Advertisement

Street Smarts

TIMES STAFF WRITER

Two days after winning the pivotal role of an ambitious Baltimore homicide detective in HBO’s summer series “The Wire,” British actor Dominic West found himself riding on the mean streets of the Maryland metropolis in a squad car with real homicide detectives.

“I rode along with the police a good two or three weeks before we shot the pilot,” recalls West, who plays Det. James McNulty in the gritty series that premiered to strong reviews on June 2. “One time, I was in the back of the police car with a detective in the front seat and a convicted murderer in the back seat next to me. I am sitting there desperately trying to make light that this is an ordinary day for me. He was really a sweet man but a crack addict. He was accused of smothering an old woman and stealing her money. When we got out of the car, I said to the detective, ‘He’s clearly innocent.’ But the detective said they found fragments of his sock in her mouth!”

On another ride-along, West found himself in the trauma unit of a hospital “with a guy who had been shot eight times--four times in the head. He was still alive. I was there with the relatives. You feel like a terrible impostor.”

Advertisement

The police, though, welcomed the cast and crew. “The police sort of like the TV thing,” West says. “That surprised me a lot.
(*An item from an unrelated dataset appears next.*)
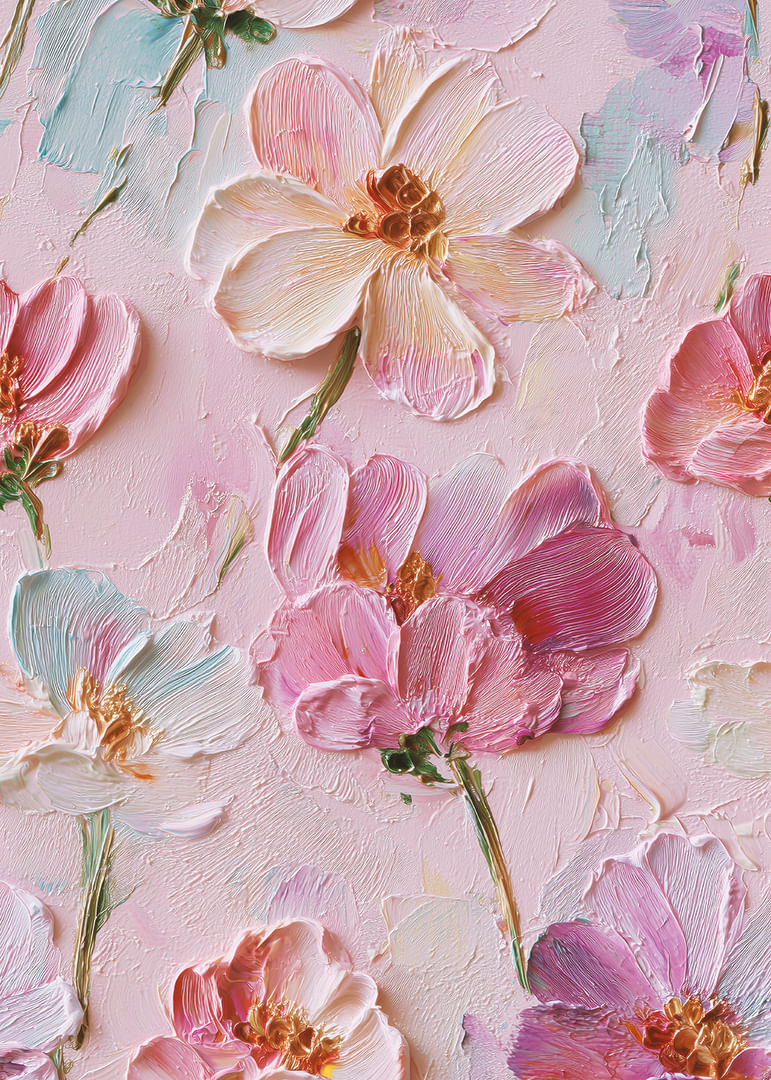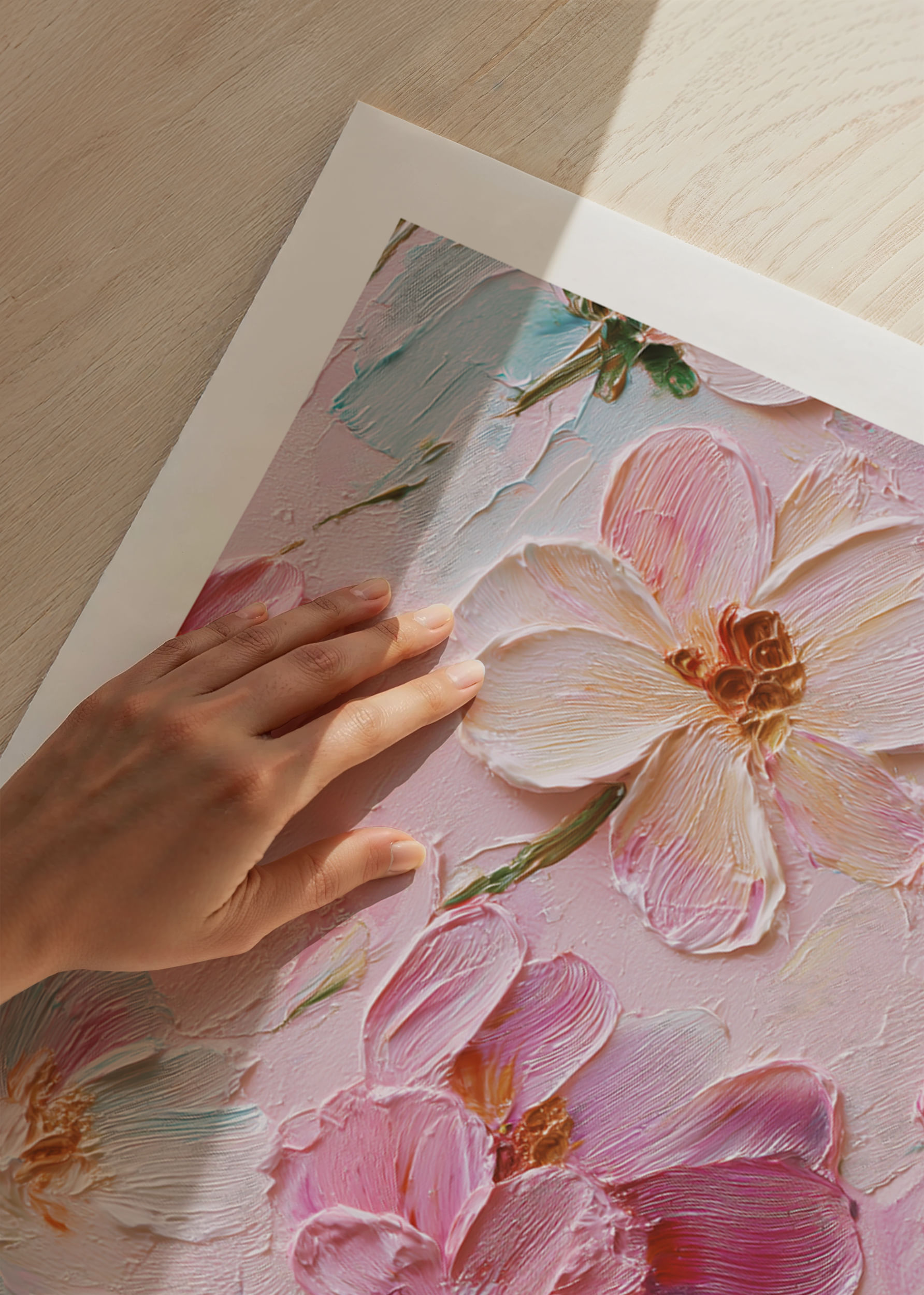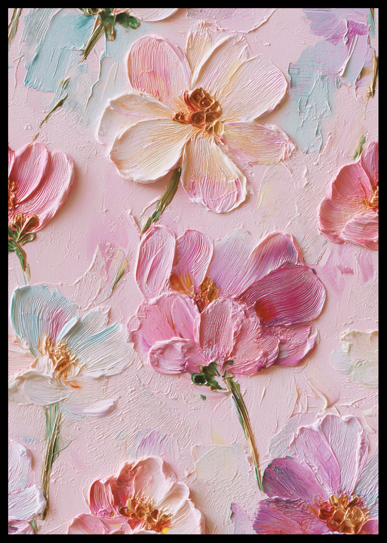 Een visuele symfonie van pastelkleurige bloemen, geschilderd met diepte en textuur, creëert een gevoel van de eerste lente. Deze poster trekt de aandacht met zijn rijke kleurlagen en prachtige details. De bloemen lijken bijna tot leven te komen op het papier en hun tedere schoonheid brengt een frisse en vredige sfeer in elke kamer. Met deze poster krijgt je huis een vleugje natuurlijke elegantie en tijdloze charme.
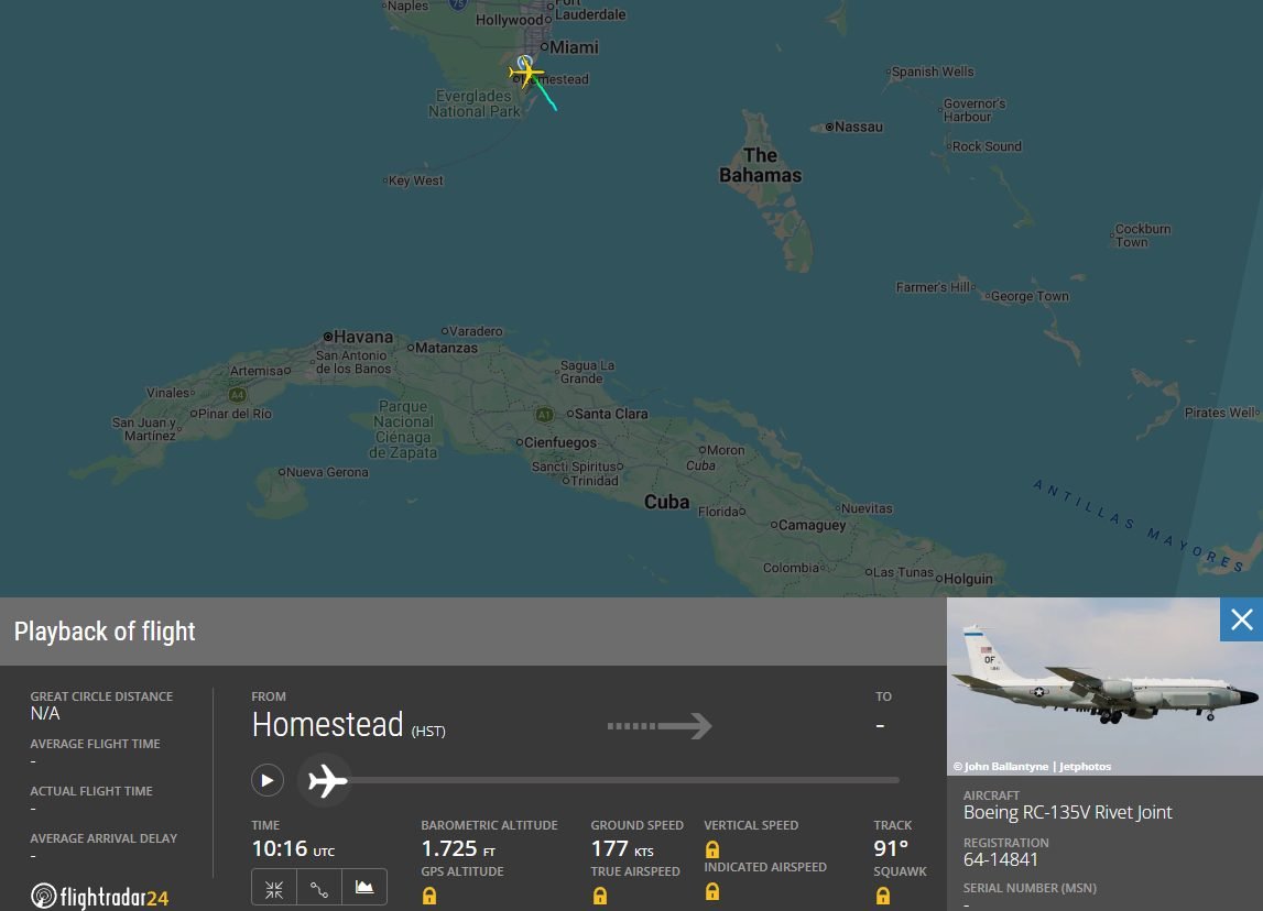 Según datos del rastreador digital FlightRadar24, la avanzada aeronave de reconocimiento despegó a tempranas horas desde la Base de Reserva Aérea de Homestead, ubicada en Miami-Dade, Florida.

I am not sure it would be the same in England.”

“The Wire,” which wraps its season Sept. 8, was created by writer and executive producer David Simon, a former Baltimore-based journalist who wrote about crime and drugs and was executive producer of the Emmy Award-winning HBO miniseries “The Corner.” Simon wrote the story of “The Wire” with Edward Burns, a retired Baltimore homicide detective and city schoolteacher.

The 13-episode series tells the story of a single drugs-and-murder investigation as seen through the eyes of both the police and their targets.

Advertisement

“The series sort of mirrors the two worlds,” West explains. “They are essentially two corporations. One is slightly more efficient than the other. And it shows all the frustrations of being a foot soldier in a massive corporate structure.”

The large ensemble cast also includes Sonja Sohn as McNulty’s ally on the investigation, narcotics Det. Shakima Greggs, and Larry Gilliard Jr. as Angelo, a mid-level drug dealer with a conscience who beat a murder rap with the help of his ruthless uncle (Wood Harris).

Sohn says it’s been a challenge to play her tough, no-nonsense character. “She appears to be one way when you see her at work,” she says. “She’s portrayed being this strong, assertive, committed person, but you see a different side of her when she goes home and is with her girlfriend.”

Advertisement

Like West, she rode along with her real-life counterparts. “The few days I rode with the narcotics detectives, their female detective happened to be out on leave, so I got a lot of my information from those male detectives and also from Ed Burns and David Simon. I had to learn how to be familiar with a gun.”

The series shoots on location in the projects of west Baltimore, only about six blocks from where Gilliard grew up. “I lived in Baltimore for 10 years and then moved to New York to go to college,” says the actor. “My mother still lives there.”

He credits her with keeping him away from the drugs and violence that surrounded them. “My mother managed to keep me sheltered from all of that, but the neighborhood wasn’t as bad then as it is now. Now you walk through the neighborhoods of west Baltimore and east Baltimore, and entire neighborhoods are wiped out. It’s like some Middle Eastern country. All the row houses are abandoned.

“I can remember when all the neighborhoods were full of life. It’s a little bit scarier now, and it hurts a little bit now to see the city in that condition.”

“The Wire” can be seen Sundays at 10 p.m. on HBO. The network has rated it TV-MA-V,L (may be unsuitable for children younger than 17, with advisories for violence and language).